Следовательно, экспериментировать перед зеркалом с прической не приходилось, ибо ее автором была не я, а моя упрямая природа. Я лишь пыталась вообразить, что будет, если поднять волосы с затылка, для чего запускала руки под нижние пряди и приподнимала их над плечами до уровня макушки. Взору открывался трогательный овал лица, особенно милый уморительной беззащитностью линий, шедших от ушей до чуть удлиненного подбородка. На боковых и нижних краях щек серебрилась больше ничем не проявляющаяся растительность. Мои щеки были похожи на молодые листья каштана, разве что цвет имели матово-персиковый и были более упругими.

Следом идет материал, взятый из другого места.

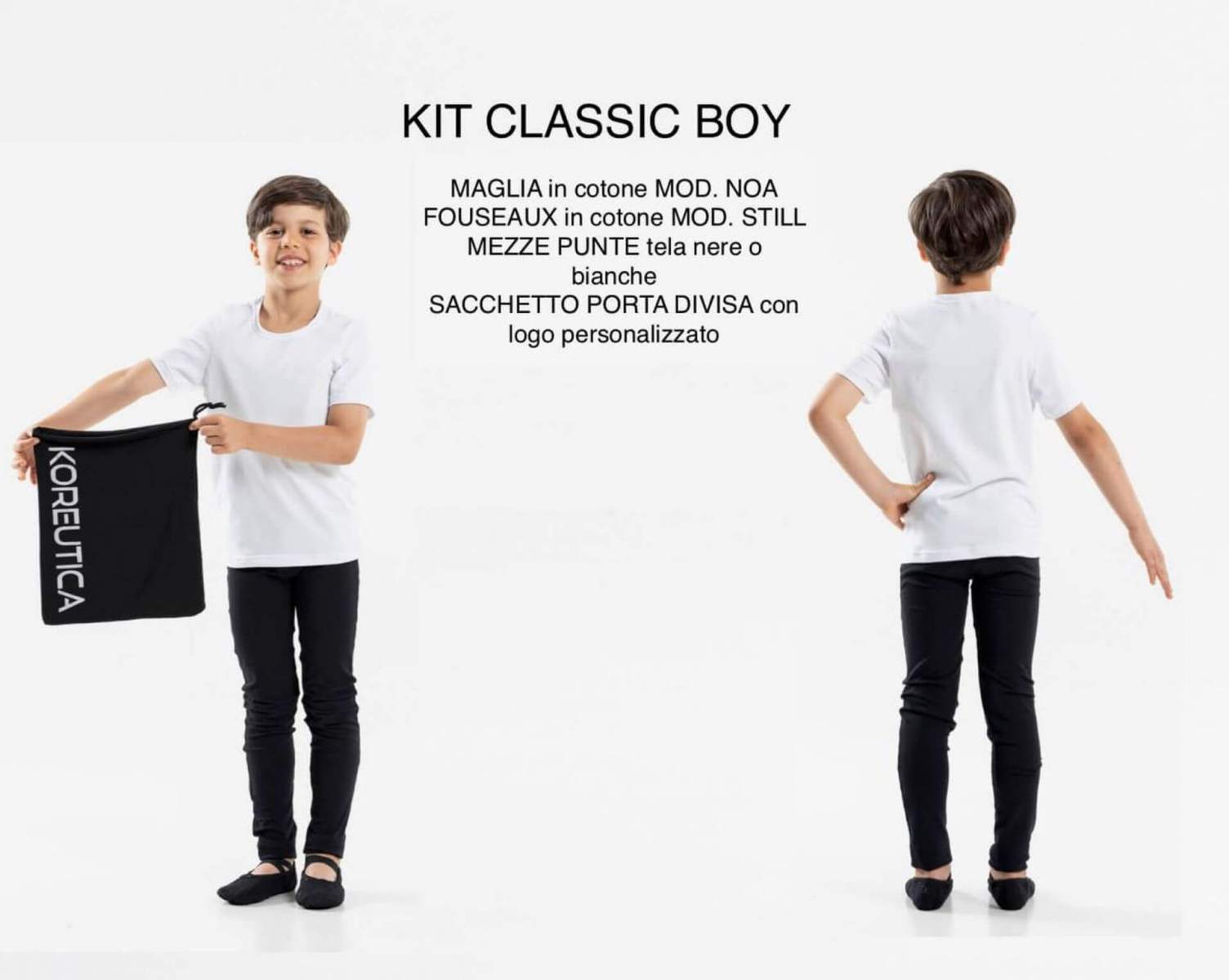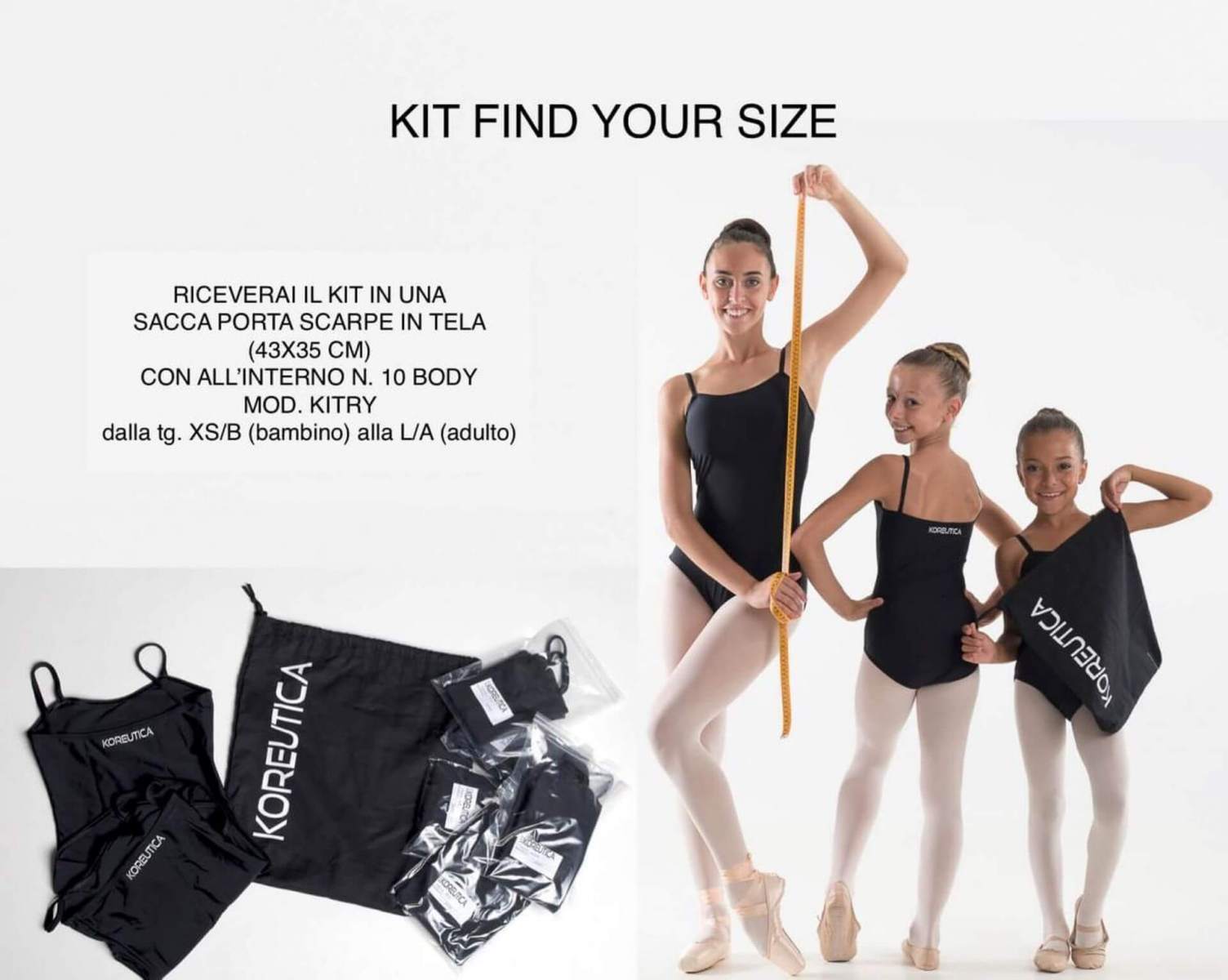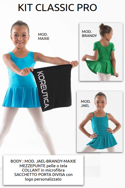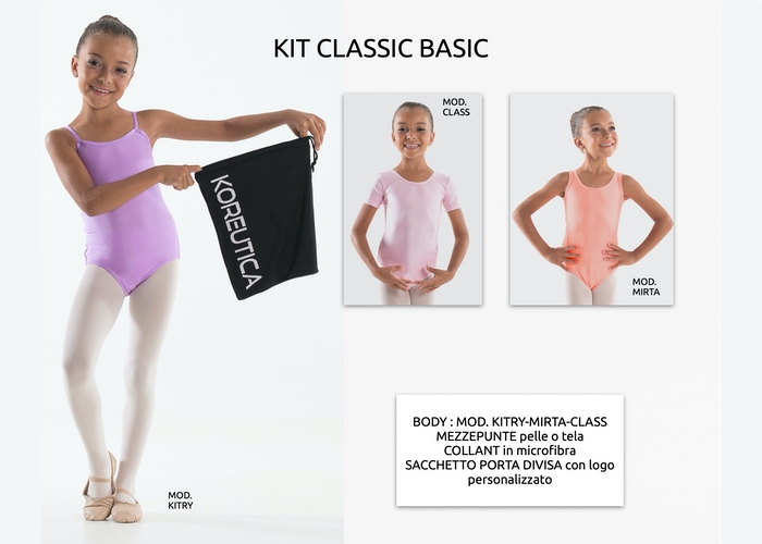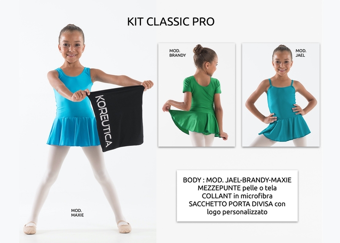 Our starter kits contain everything you need for a dance class and are a great way to start the academic year. Various proposals of sarter kits for children and adults for classical and contemporary dance lessons. You can also create custom kit choosing among our products! Request a quote to info@koreutica.it.

Каким-то совсем другим становился рот, губы — верхняя поджата, а нижняя слегка вывернута — застывали в мимике завуалированного неприятия. Шея, не очень длинная, но тонкая, не вызывала претензий. Хорошо развитыми угловатыми плечами можно было бы гордиться, если бы я это понимала. Но, к сожалению, тогда мне нравились не прямые плечи, а покатые, как у пушкинских красавиц. Фу, какая бяка это для меня теперь! Итак, я несказанно сочувствовала себе по поводу плеч, казалось, они проигрывают, контрастируя с шеей, пугливо прячущейся в ключицы, и это заставляло меня поспешно опускать волосы, словно то была спасительная завеса, за которой скрывался угловатый этап созревания.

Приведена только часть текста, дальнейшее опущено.